THE PROBLEM -> Every line of the data below is to be duplicated exactly, pictures excepted.

SOURCE DATA ->
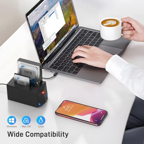 - 💻 【Universal Compatibility】Designed for broad use, this docking station supports both 2.5" and 3.5" SATA HDD/SSD and is compatible with Windows, Mac OS, and Linux operating systems. Enjoy a hassle-free setup with plug-and-play functionality—no drivers required!
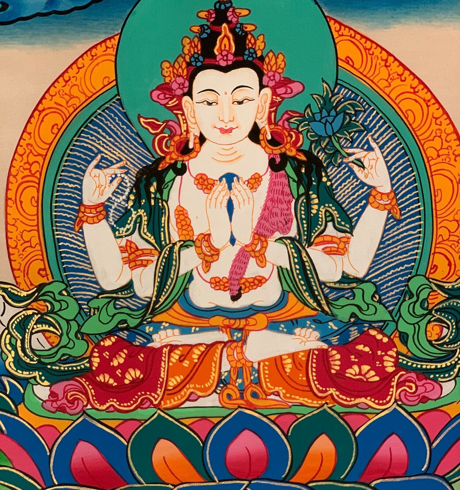 - HAND-PAINTED AVALOKITESHVARA, CHENGRIZ, LOKESWOR,THANGKA WITH SILK BROCADE
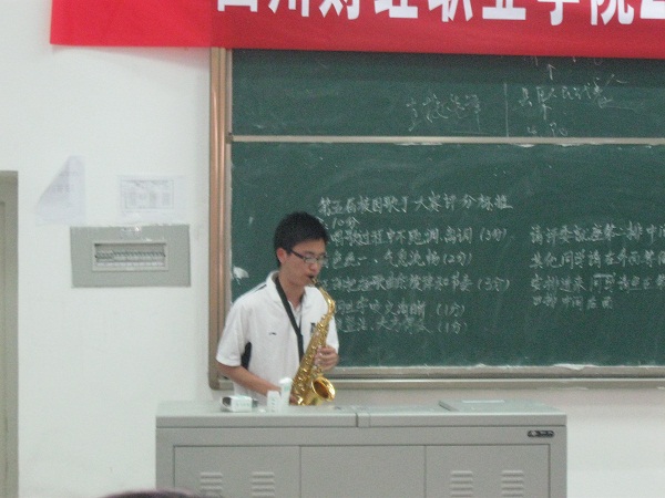 此次歌手大赛以两人一组的形式进行比赛,方式为现场清唱。评委老师根据选手现场表现、歌曲演唱流畅程度、对节奏的把握等方面对选手进行打分,总分为10分。所有参赛选手都经过精心准备,充分展示着他们的青春活力,比赛中掌声连连,阵阵喝彩。我系陈明霄同学表演的萨克斯演奏得到评委的好评,也展示了我系学子多才多艺的一面。
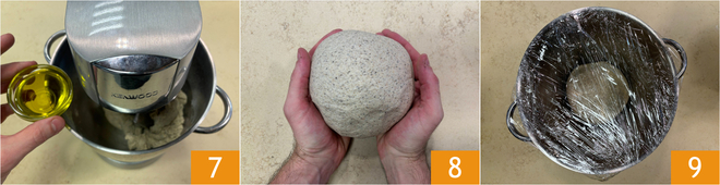 Also add the oil 7 and knead for a few minutes. Transfer the dough to a floured surface and knead for another 10 minutes until it becomes smooth and elastic. Form a dough ball 8 and place it in an oiled bowl, covered with plastic wrap 9 or a cloth. Let it rise for about 2 hours, or until doubled in volume, in a warm place.

EXPECTED ANSWER ->
 - 💻 【Universal Compatibility】Designed for broad use, this docking station supports both 2.5" and 3.5" SATA HDD/SSD and is compatible with Windows, Mac OS, and Linux operating systems. Enjoy a hassle-free setup with plug-and-play functionality—no drivers required!
 - HAND-PAINTED AVALOKITESHVARA, CHENGRIZ, LOKESWOR,THANGKA WITH SILK BROCADE
 此次歌手大赛以两人一组的形式进行比赛,方式为现场清唱。评委老师根据选手现场表现、歌曲演唱流畅程度、对节奏的把握等方面对选手进行打分,总分为10分。所有参赛选手都经过精心准备,充分展示着他们的青春活力,比赛中掌声连连,阵阵喝彩。我系陈明霄同学表演的萨克斯演奏得到评委的好评,也展示了我系学子多才多艺的一面。
 Also add the oil 7 and knead for a few minutes. Transfer the dough to a floured surface and knead for another 10 minutes until it becomes smooth and elastic. Form a dough ball 8 and place it in an oiled bowl, covered with plastic wrap 9 or a cloth. Let it rise for about 2 hours, or until doubled in volume, in a warm place.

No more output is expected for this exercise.